Yesterday morning someone decided to jump in front of the train on my route to work. After some delay, the train returned to Rotterdam and I decided to work from home rather than trying to reach Amsterdam via a different route.
I didn’t get upset during the delay and was curious about what this all meant for me. Well, I would find out later that day.
Late in the afternoon we received a request for a substantial translation, to be delivered before noon today. The lawyer in question suggested that we outsource the translation, but my colleague – thinking of his family and the fact that we may be made redundant as early as next September – suggested that we accept the assignment. At that moment my mind (persona?) went into overdrive.
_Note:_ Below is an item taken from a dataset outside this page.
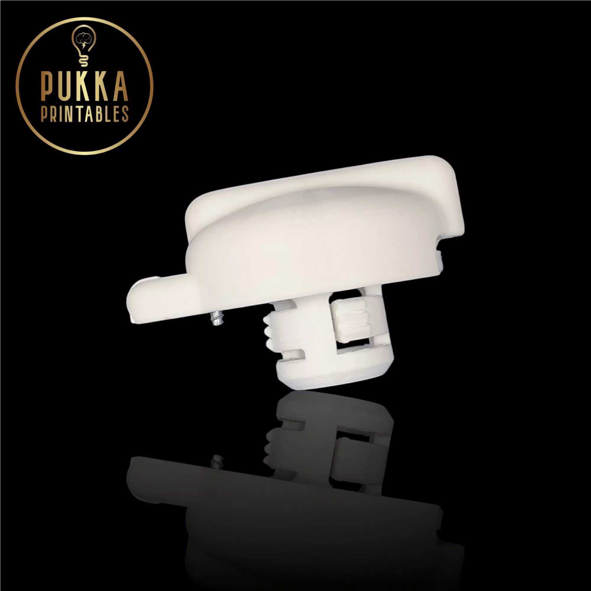 • The hinge piece should be secured to the inner cap using a single fastener (approx. 4.8 mm diameter x 9.5 mm length blunt screw); glue may be used if preferred but a screw is recommended for durability• Orient inner cap part with minimal support in slicing software• Outer cap has integrated support structures that detach post-print

On the bright side, I realized that the train incident had ensured that I worked from home, which now made it easy for me to start the translation right away without having to travel home first. But I also felt angry because it all got in the way of my plans and of course I felt fear that I wouldn’t be able to complete the translation on time, etc. etc. Each time my anger, fear and negative emotions came up, I processed them and that worked for a bit until I got angry all over again.
Intellectually, I know exactly what to do and believe me, no one wants to accept the things that come to me more than I do. I want to feel it, I want to feel the acceptance, the faith, the love, etc. I want it to be my normal state of being. I want to feel that it will all work out for me without having to through all the drama.
However, when something like this happens, it seems as if I have no control over my thoughts at all. I talk to them, telling them that I know better now and why don’t we both take the new approach. Of course, I’m doing so much better than let’s say a year ago, but I simply want to integrate this in my being. Not just knowing it intellectually, but feeling it. Feeling light and easy, carefree and confident that the universe will deal with whatever happens for me.
I know there’s no wrong, but I wonder whether I’m taking the right approach here or am I just making things more difficult for myself. Can you shed some light on this?
Alette, who’s going to do the Bootcamp all over again next week!
You are taking the right approach. You felt negative emotion, which is due to a limiting belief. This is a manifestation event. You realize that the fear is irrational and so the urges to change the conditions will come naturally, because you have simply dipped into a lower emotional state of being. You talk to yourself in an empowering way and feel a bit better. But did you do the work to identify and process the limiting belief?
The limiting belief is that things should be different than they are and that if you do not do the work on time, your persona will take a hit and you will be considered by others to be incapable of doing your job. You believe that their opinion matters. It does not. Those beliefs are false and untrue and you can prove them to be false. You can find evidence that proves those limiting beliefs are not empowering and the fear you feel is an illusion.
If you cannot complete the work on time, what does it mean? That you are not a good translator? Of course not. You are a good translator. You are as good as you need to be. Nothing wrong is happening. Are you worried that the universe made a mistake on this one? Of course not. Now is your opportunity to shine. You feel fear and you wish things are different. That’s simply because you are looking at the situation from a limited perspective. From the higher perspective, everything is right. It’s just that you are having difficulty seeing how right it is.
Let’s imagine two different possible scenarios. The first is that this event came to prove something; either your team is no longer necessary to the firm and you will be made redundant, or your team is absolutely necessary to the firm and you cannot be made redundant. Either way, it’s for your highest good.
If you complete the translation on time, it will show that both of you are necessary to the ongoing business of the firm. They will point to this moment in time where both translators came together in order to complete the work at a crucial time, on time, when you were needed most. Who knows when another rush translation will be needed in the future. Can the firm really rely on outside assistance where they have little to no control over the quality and timeliness of the work? Absolutely not. And so your job is now more secure than ever.
However, if you cannot complete the work on time it will mean that you truly are not necessary to this firm and so the fact that you are going to be made redundant now becomes clearer. Congratulations! You are finally out of the job that you have disliked for so long. It will be an easy transition to something else entirely.
Maybe the fact that you felt fear in anticipation of the work and then completed it with ease, allows you to see that nothing can be given to you that you cannot handle. You now have a bit more confidence having processed a limiting belief. When things like this happen in the future, your manifestation event will be milder. You see, it is always working out for you.
Your issue, like so many others, is your resistance to negative emotion. That resistance causes you to play it small and to build up the intensity of your limiting beliefs rather than constantly and consistently reduce their intensity. You are either going to live a larger life processing an ever-growing list of limiting beliefs, or you are going to recede into a smaller and smaller life avoiding any occasion where a manifestation event might present itself. However, if you choose the more limited and smaller life, you will be living at odds with the intentions you set prior to your birth.
The question is not a matter of being completely easy with negative emotion or glossing over manifestation events, the idea is to live life boldly and embrace the challenge presented by your manifestation events. Get more comfortable being uncomfortable in new manifestation events and you will be moving to the life you intended to live. That’s a bigger life than you think.